Depois, claro, além de toda a condescendência com os vícios dos artistas apenas por o serem, há as habituais desculpas para quem se droga, talvez porque o vício surja em momentos de particular debilidade emocional ou psicológica. Mas neste caso exagera-se. A droga é mais claramente tolerada do que o álcool e do que o fumo (de tabaco, evidentemente). Aquelas incríveis noções de um qualquer site que para aí havia, em que um betinho era alguém "desprezível" que não tomava drogas são elucidativas. Segundo algumas correntes, um tipo que se droga ou é um herói, caso se trate de uma figura pública, mormente do espectáculo, ou um coitadinho sem culpa nenhuma, mesmo que ninguém o tenha obrigado a ir por aí. Daí que muitas vezes um bêbado (e nos tempos mais recentes um simples fumador) seja visto com mais desprezo que um frequentador de um CAT. E que um música famoso tenha logo desculpas por ser "humano".

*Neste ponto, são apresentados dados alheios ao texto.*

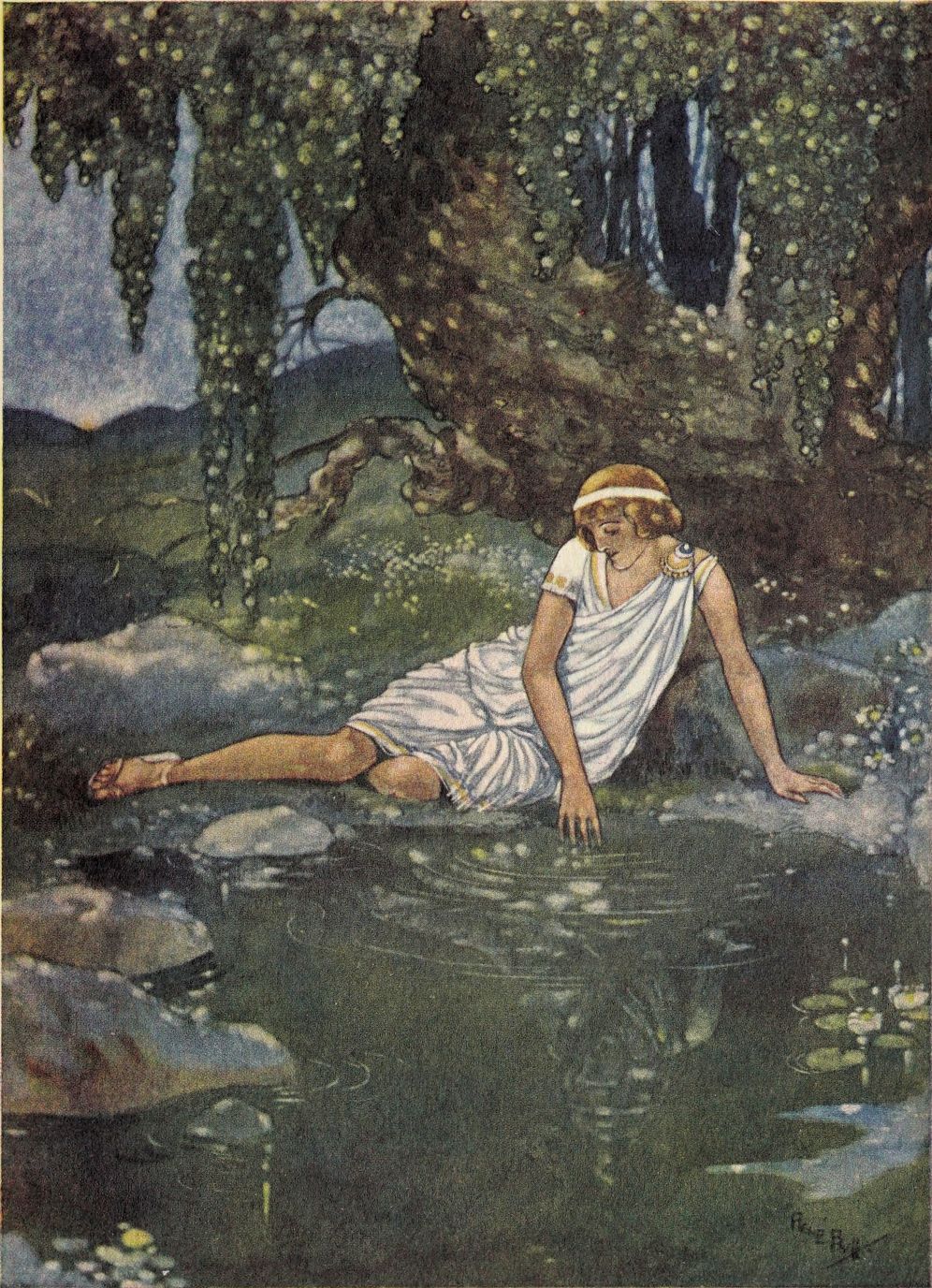 The despairing Prince bows his head in mute and helpless agony. And while he yet kneels there, a white swan glides serenely across the surface of the lake. The prince sees it, and a dreadful thought clutches his heart. As the swan nears him he looks again—and lo, about its head, so delicately poised on the slender sinuous neck, is a golden crown!

A um músico não se pede para ser desumano, pese toda a idolatria e endeusamento que deles se apropriam, e que por vezes são responsáveis por essas situações: pede-se que caso tenha público e deseje mantê-lo, o respeite e deixe as figuras deprimentes para os momentos de ócio. Que as pessoas dêem por bem gasto o dinheiro dos espectáculos e não recorram à pateada. E que não venham fazer-se de vítimas para a comunicação social. As pessoas comuns não têm jornais para as defender dos seus problemas do quotidiano, nem margem para se pedrar à vontade.
Eis porque aguento muito pouco Amy Winehouse. Para mais, continua com aquele rosto canino que tinha desde a primeira vez que a vi.
Mas já agora aproveito para falar de um amigo seu por quem tenho igual "estima": Peter Doherty. Um tipo que consegue ser ainda mais drogado, que acabou com a sua anterior e mui promissora banda, os Libertines, e que é mundialmente conhecido por ter namorado com Kate Moss e por andar sempre aos tombos. De tal forma que quando veio recentemente a Lisboa com a sua nova banda, os Babyshambles, para um concerto no Lux, a piada que circulava era "onde estáDoherty? Em Monsanto". As dependências tiraram-lhe o ar vivaço que já teve e tranformaram-no no que é hoje: um alucinado com cor de vampiro antes da refeição sanguínea, roupa e chapéu retirados do Madame Toussaud e aspecto geral cadavérico é o grande herói do rock dos nossos tempos. Havia tantos por onde escolher e tinha de ser logo um zombie destruidor de bons grupos musicais.